Datenanalyse und Dampfmaschinen

Astronomische Teleskope werden immer empfindlicher, die Analyseverfahren immer raffinierter. Brauchen moderne Verfahren zur Bildrekonstruktion in der Astronomie neue theoretische Ansätze? Nicht unbedingt, eine alte Theorie, die zum Verständnis von Dampfmaschinen entwickelt wurde, vermag dies auch: die Thermodynamik. Zwei Forscher am Max-Planck-Institut für Astrophysik haben nun gezeigt, wie die seit mehr als hundert Jahren bekannte Gibbs-Energie der Thermodynamik zur Entwicklung neuer optimaler bildgebende Verfahren verwendet werden kann.
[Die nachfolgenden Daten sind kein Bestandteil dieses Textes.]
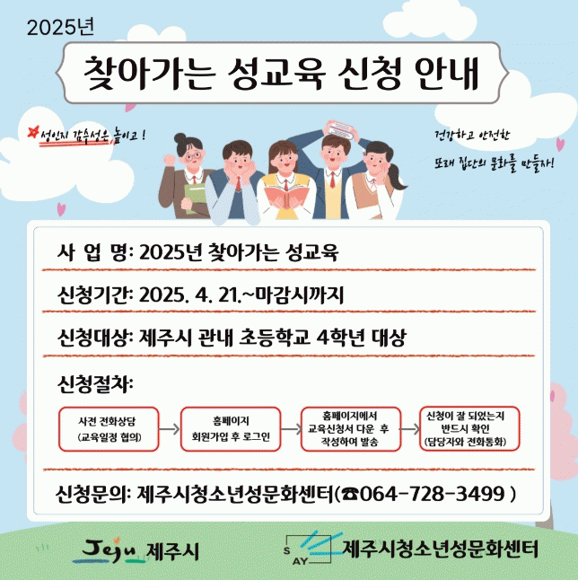 [NWS¹æ¼Û=Çѽ¸ñ ±âÀÚ]Á¦ÁÖ½Ãû¼Ò³â¼º¹®È­¼¾ÅÍ´Â °ü³» ÃʵîÇб³ 4ÇгâÀ» ´ë»óÀ¸·Î 2025³â ã¾Æ°¡´Â ¼º±³À° ÇÁ·Î±×·¥À» 5¿ùºÎÅÍ 11¿ù±îÁö ¿î¿µÇÑ´Ù. À̹ø ÇÁ·Î±×·¥Àº û¼Ò³âÀÇ ¼ºÀÎÁö °¨¼ö¼ºÀ» ³ôÀ̰í, ¼ºÆø·Â °³³äÀ» ÀÌÇØÇÏ¿© ¼ºÆø·ÂÀÌ¡¦
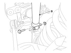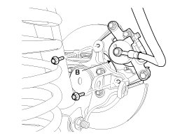 5. Remove the brake caliper mounting bolts , and then hold the brake caliper assembly (B) with wire as shown in the illustration.
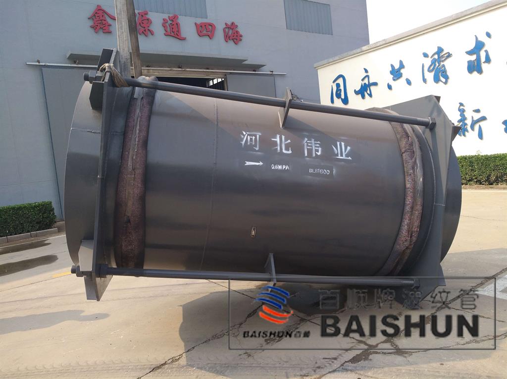 大拉桿橫向波紋管補(bǔ)償器,是一種用來(lái)補(bǔ)償彎曲管道的橫向位移。大拉桿波紋管補(bǔ)償器是由兩個(gè)相同的波紋管及端管、端板和拉桿組成的撓性部件,通過(guò)波紋管補(bǔ)償器的角偏轉(zhuǎn)可吸收管道單平面或多平面的橫向位移。4根長(zhǎng)拉桿能承受內(nèi)壓推力和其它附加外力的作用,拉桿兩端的螺栓出廠前已調(diào)好間距,安裝前大拉桿是松動(dòng)的,在大欄桿波紋管補(bǔ)償器工作變形后,大拉桿可以起到限制變形量保護(hù)波紋管補(bǔ)償器的作用。
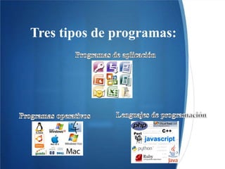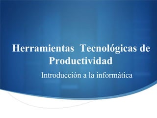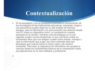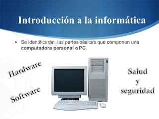 Este documento introduce las computadoras personales o PC. Explica que el hardware son los componentes físicos como la unidad central, monitor y teclado, mientras que el software son los programas que controlan el funcionamiento de la máquina. También cubre medidas de salud y seguridad como mantener el equipo libre de polvo y evitar trabajos prolongados frente a la pantalla.
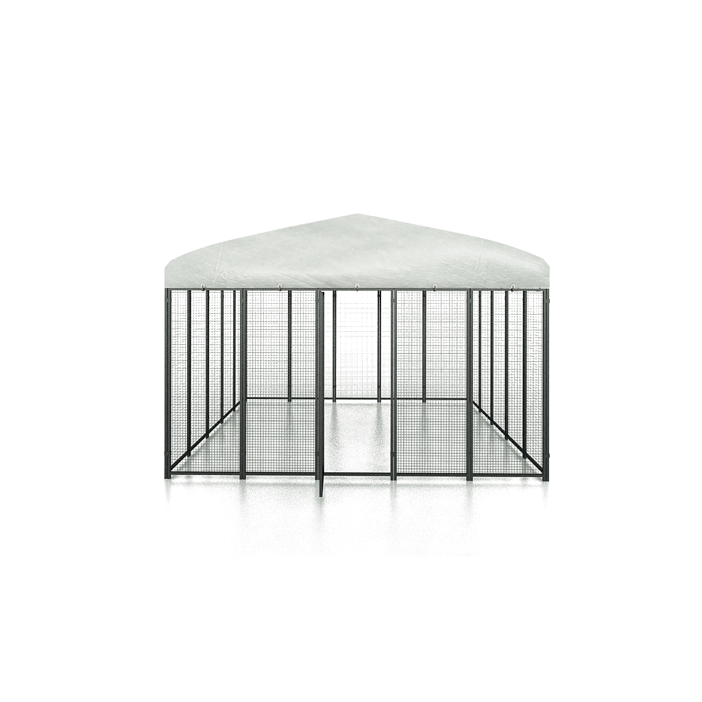 Gemaakt van koolstofstaal met een antioxiderende poedercoating. De structuur is gemaakt van buizen van 20 x 20 cm met een dikte van 0,8 mm. Het maasnet is 25 x 25 mm en heeft een dikte van 1,8 mm. Met een dak van premium polyethyleen (PE), dat waterafstotend en UV-bestendig is. De kleur is groen (RAL 6005).
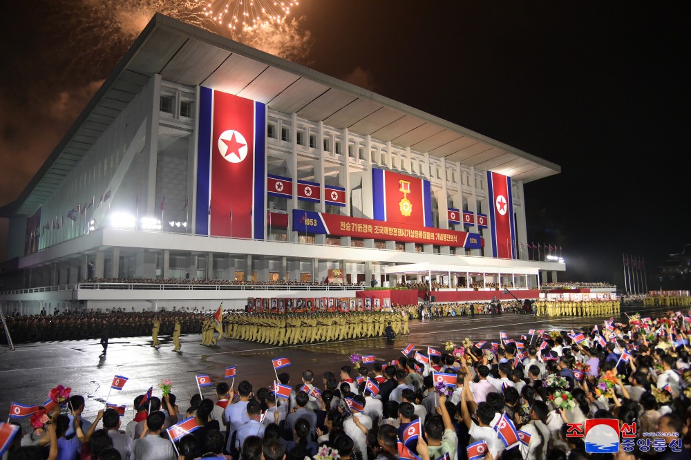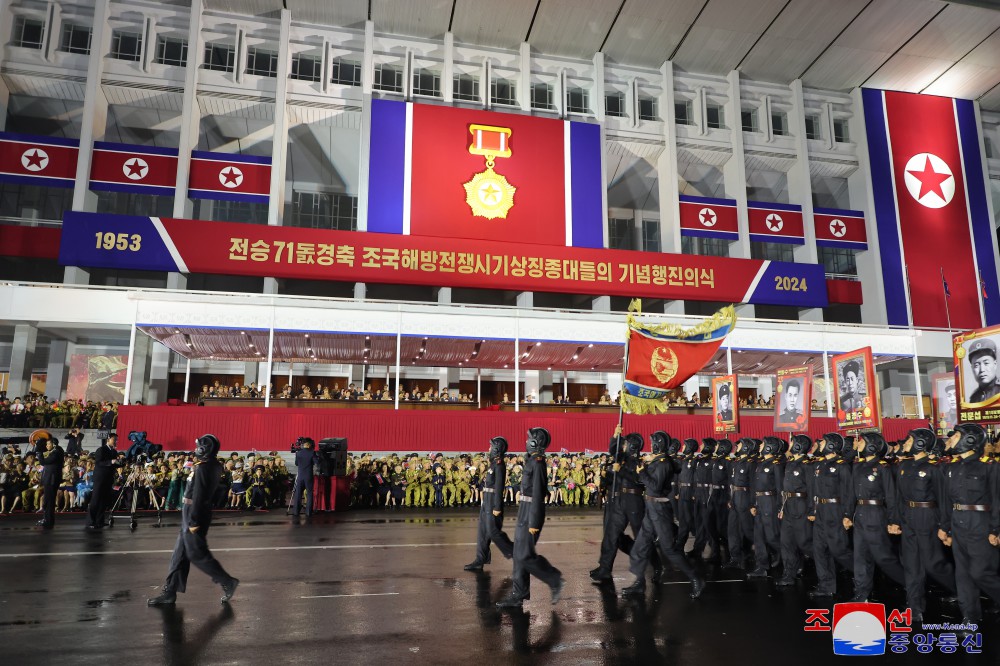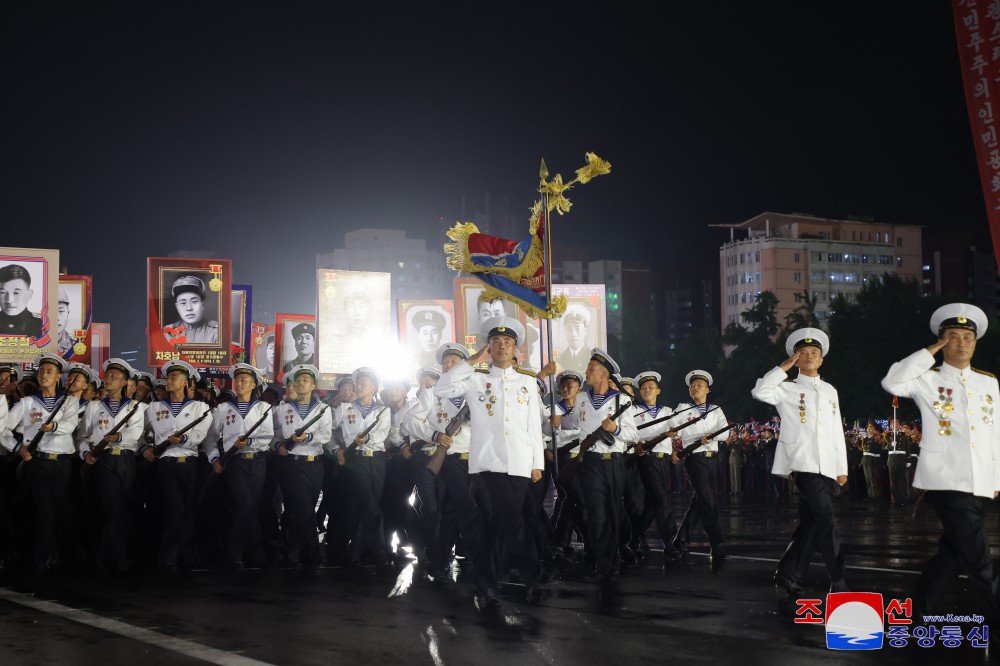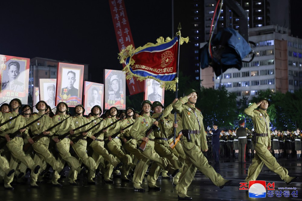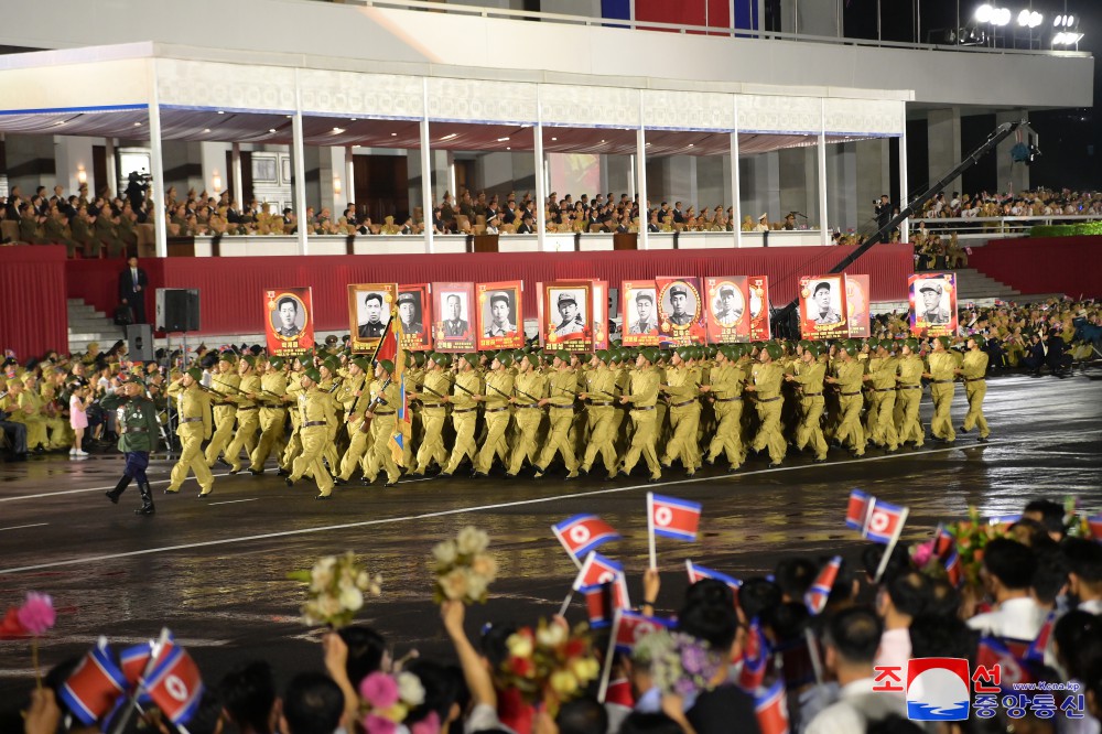 慶祝偉大戰勝71周年祖國解放戰爭時(shí)期象征方隊紀念行進(jìn)儀式7月27日晚在首都平壤舉行,彰顯我國人民跨世紀、代代迎接光榮勝利節日的特有的自豪和勝利傳統的繼承性。
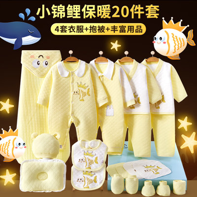 班杰威尔 新生儿礼盒婴儿衣服用品套装 66cm 加厚小锦鲤黄
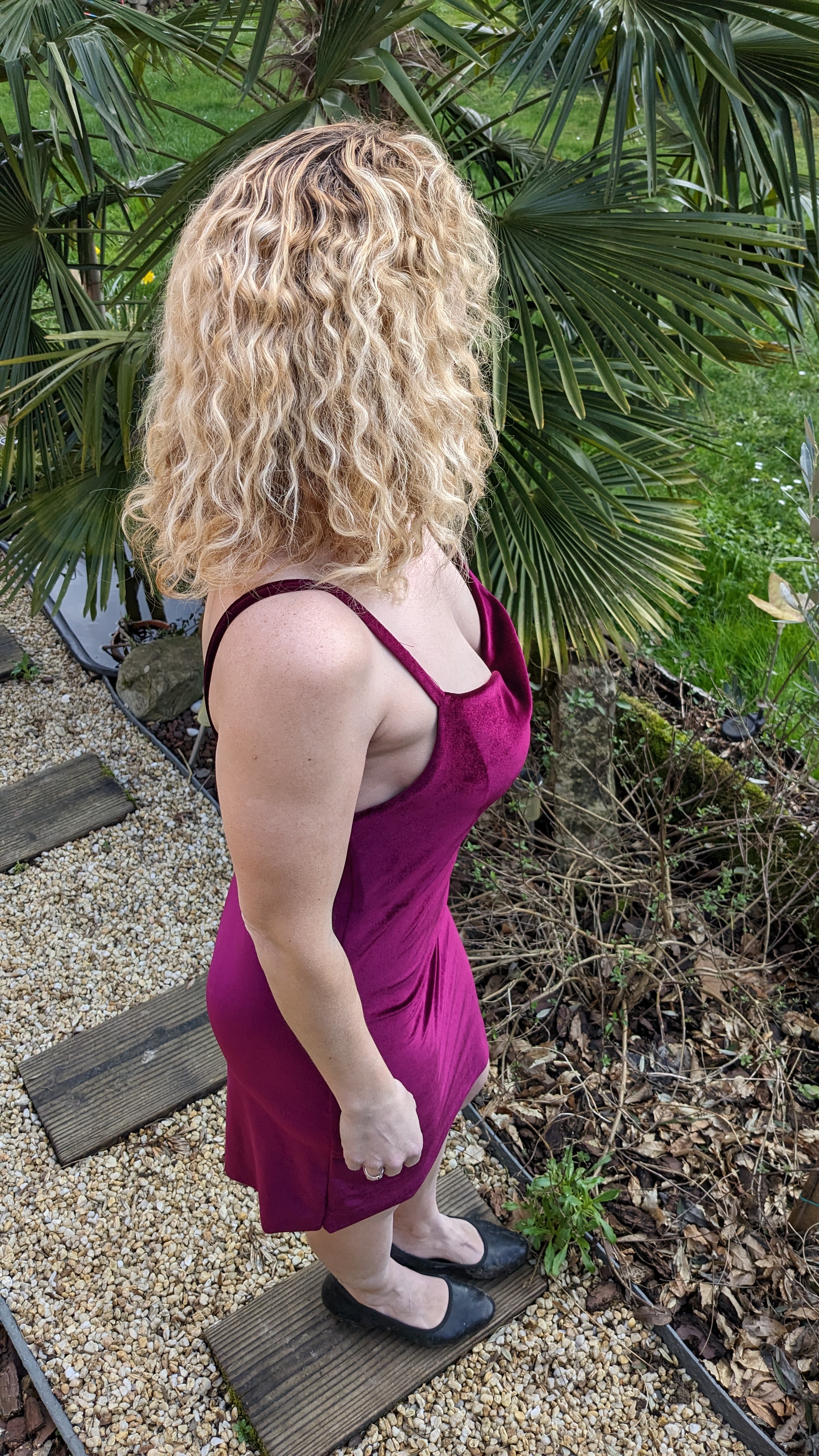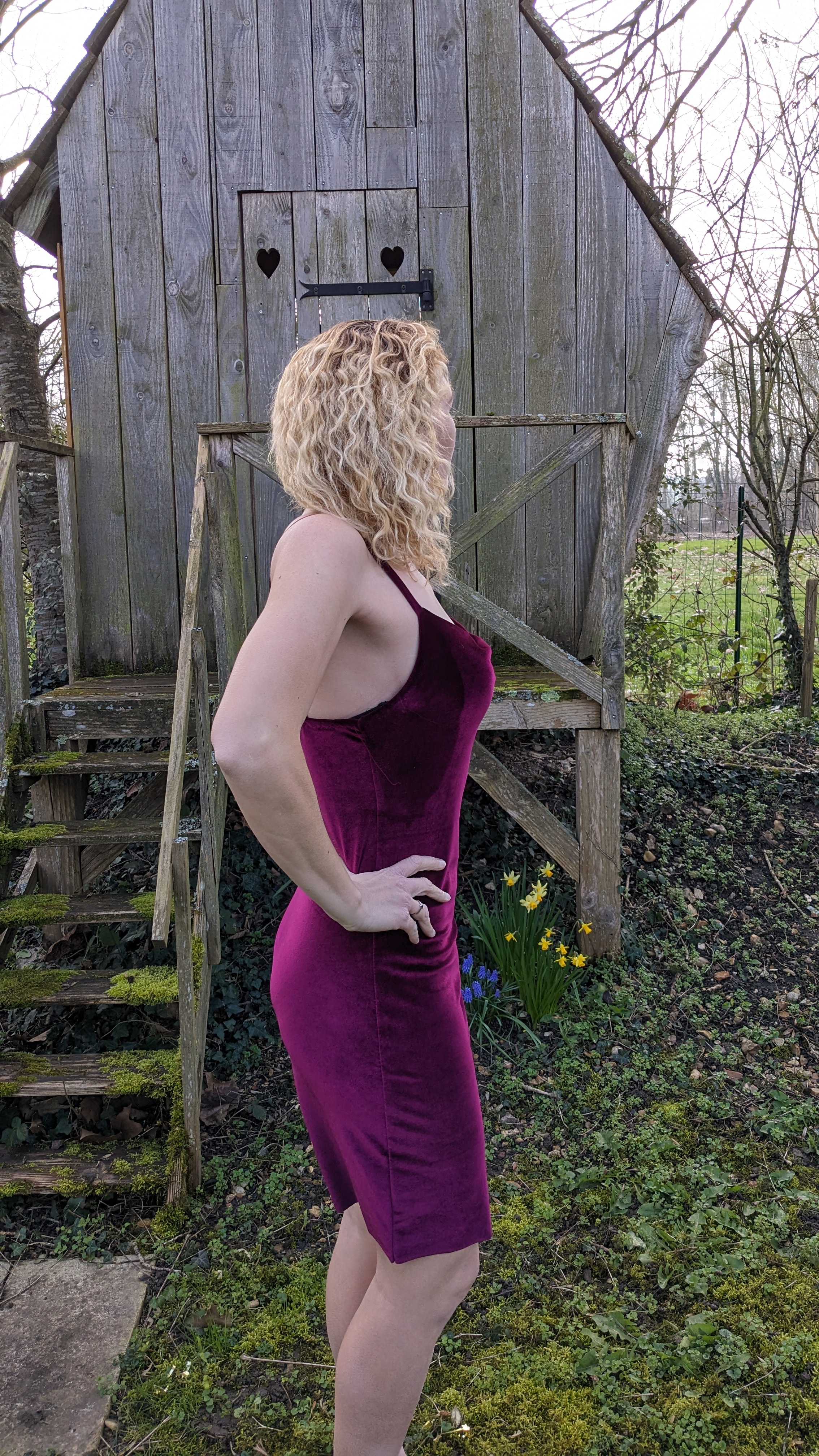 Bonjour , en grande fan des patrons Clématisse Pattern , j’avais succombé dès sa sortie au patron de la robe Scarlette qui est une « slip dress » c’est-à-dire une robe coupée dans le biais si vous utilisez un tissu chaîne et trame ou coupée dans le sens classique si vous utilisez de la maille… Après une première version en viscose il y a 2 ans me semble-t-il , j’avais en tête une version maille et comme il me restait un coupon de velours suffisant de ma robe de Noël ( velours Rascol ) et une heure devant moi pour coudre j’en ai profité pour vérifier si mon idée était bonne .

Abb. 1: Die Entwicklung von leistungsstarken Dampfmaschinen während der industriellen Revolution hat von der Theorie der Thermodynamik profitiert.
Bildnachweis: linkPfeilExtern.gifBy Lardner, Dionysius and by F.A. Brockhaus, Berlin und Wien [beide Public domain], via Wikimedia Commons

Abb. 2: Himmelsbild des galaktischen Magnetfeldes gesehen durch den Faraday-Rotationseffekt von Radiostrahlung (oben) und eine Karte der statistischen Bildfehler dieses Bildes (unten). Das Bild wurde aus etwa 38.000 Einzelmessungen mit einem mathematischen Verfahren zusammengesetzt, welches mittels der Gibbs-Energie hergeleitet wurde.
Ursprüngliche Daten: NVSS Katalog und Taylor et al. (2010).
Bildrekonstruktion: Oppermann et al. (2010)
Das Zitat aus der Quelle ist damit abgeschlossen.